Good heavens, no. Theo De Raadt, the main OpenBSD developer, is a staunch proponent of privacy and security. OpenBSD is by a long shot the most audited and meticulously (read: pathologically) developed OS's on the planet. Theo is also, by all accounts, nowhere near very friendly and I cannot imagine some soulless police-state suit from the NSA having his attention for too long without being unceremoniously shown the door. OpenBSD is also Canadian so they are not under the authority of the U.S. government.
The BSD family of OS's are also developed in a much more tightly integrated manner than Linux. Linux-based OS's are cobbled-together projects with a kernel (Linux), userland tools (usually from GNU) and user applications from a variety of developers. How they are cobbled together by the enormously large number of distributions and organizations producing them is anarchic and highly chaotic; some are secure and stable, others are bleeding-edge and crashy. The BSD's, in contrast, are an entire OS (kernel + userland utilities) with the applications running atop it. There is a lot more auditing, a lot more consistency and standardization of the code base and fewer developers.
There was a claim in 2010 of the FBI trying to backdoor OpenBSD.
http://www.cnet.com/news/report-of-fbi-back-door-roils-openbsd-community/
I'm surprised the recent events somehow are a 'revelation' to what is being attempted.
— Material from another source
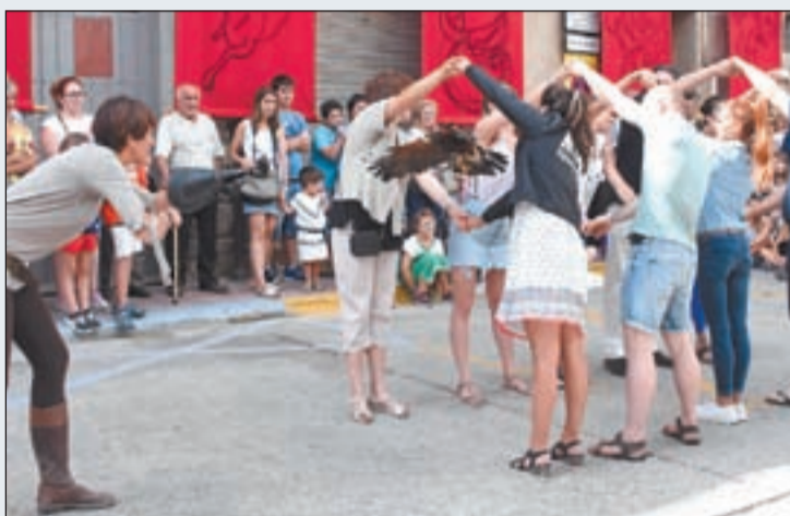
En les imatges, una parada del mercat Romà, una representació històrica d'un combat entre lluitadors i un moment de l'espectacle al Portal de l'Àngel amb aus rapinyaires ensinistrades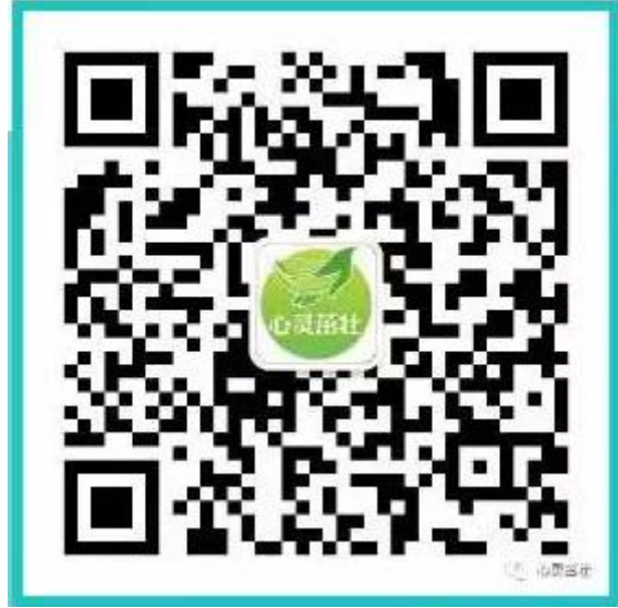
深圳市反邪教微信公众号

An ATT employee reported in 2006 that he spliced an optic cable into a gov't installation.
http://en.wikipedia.org/wiki/Room_641A
US phone companies provide data to US gov't without a warrant the response is to retroactively protect the phone company's from lawsuits.
http://en.wikipedia.org/wiki/Hepting_v._AT%26T
It is unclear why mass amnesia takes place every few years.
Snowden did not have to reveal anything, we needed a conscious populace to add 1 and 1 and get two.